Mr. Comey’s indictment is probably just the opening salvo in what will be a barrage of indictments coming down against government officials who used their powers-under-law to harass, disable, cancel, dis-bar, bankrupt, persecute and ruin thousands of their fellow citizens, including especially the 45th president and the people who worked for him.

Jim Comey was the engine who pulled the choo-choo train of seditious fakery known as RussiaGate (Donald Trump colluding with Vladimir Putin) into America’s public life, which then expanded into the years-long ass-covering operations of the Mueller Investigation, then Impeachments One and Two, then the J-6 FBI-engineered “insurrection,” then Nancy Pelosi’s Congressional J-6 committee gong show, and then the four various fugazi prosecutions against Mr. Trump in 2024 designed to derail his re-run for office, bankrupt his family, and stuff him in prison for the rest of his life.

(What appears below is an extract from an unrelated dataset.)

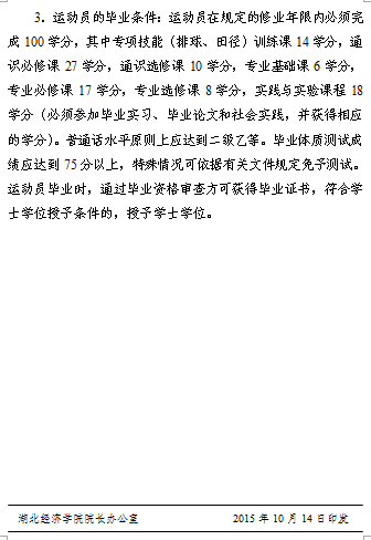 根据《球速体育welcome高水平运动队管理办法》(鄂经院发[2015]141号),高水平运动员入学后,编入体育经济与管理专业或休闲体育专业学习,执行相关专业的人才培养方案。根据工作需要,对高水平运动员选课提出如下意见:
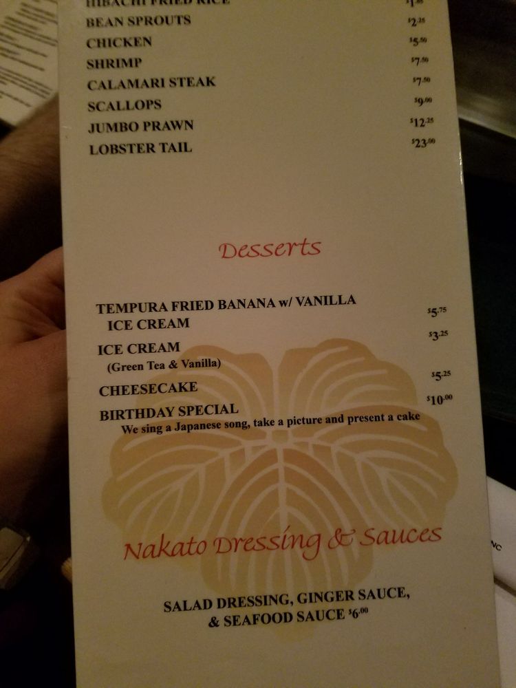 “ I thoroughly enjoyed a birthday dinner at Nakato last night! It's been like a decade since I've gone to this type of restaurant so I was nervous excited lol. We had a reservation for 7:30, for a group of 4. We weren't seated until 7:45 and a server didn't come over until almost 8pm, so that was annoying. They were pretty busy, but the issue with this was they closed at 9pm. Towards the end of dinner I felt very rushed to eat because they were trying to close down. I get it, but it took them 30 minutes to even get us started. That's my only complaint. Now, on to the fun and yum! I ordered the teriyaki steak hibachi situation, it comes with miso soup, salad with ginger dressing, fried rice, noodles and vegetables! I was so hungry so I was too excited for all this food. I also ordered the Dojo sushi roll and OMG.....legit one of the best rolls I've had in a long while. The roll had a bunch of different types of fish, salmon skin, eel sauce...all of my fav things. It was phenomenal. My honey ordered the dragon roll and his was pretty tasty too! The rest of food was pretty good, of course I drowned it in the yum yum sauce (I mean that's why I was there lol). Everything was tasty, well cooked and hot. You really get so much food too. We all had a big old box of leftovers. I also ordered the hot sake with chambord and it was a nice addition to the meal and evening. Now, onto this theatrical presentation of a dinner. Amazing Chef, amazing show and great service! Our Chef wasn't super chatty like I'm used to in the past, but times have changed. He was definitely nice and had a joke or two, but he was pretty quiet the whole time. Our group of 4 chatted a bit and enjoyed the show. This was a great experience overall and I'd definitely come back again! ”

Mr. Comey and his associates must be astounded that none of that worked. It really was a mighty organized criminal endeavor. And, as such, it stands to be prosecutable under the RICO statutes, which means that these current two charges against Mr. Comey should be a preview of attractions to come against him and many other familiar characters, possibly including his successor as FBI Director Christopher Wray. (The Blaze reports overnight that the FBI deployed roughly 275 plainclothes agents into the J-6 protest crowd at the US Capitol, as opposed to the 26 agents that Mr. Wray testified about to Congress.)

The smuggery of this gang in the years since all this business started in 2016 has also been out of this world. Mr. Comey dropped one rancid video after another either making threats or sanctimoniously declaring his sainthood, as if he expected the dreadful day would never come that he might face charges. Likewise, former Acting FBI Director Andrew McCabe ran his mouth all over CNN for years, former CIA Director John Brennan spun fibs on MSNBC, while FBI RussiaGate straw-boss Peter Strzok rode shotgun regularly with fake news confabulator Rachel Maddow. All of it was designed to bamboozle the public, and it worked!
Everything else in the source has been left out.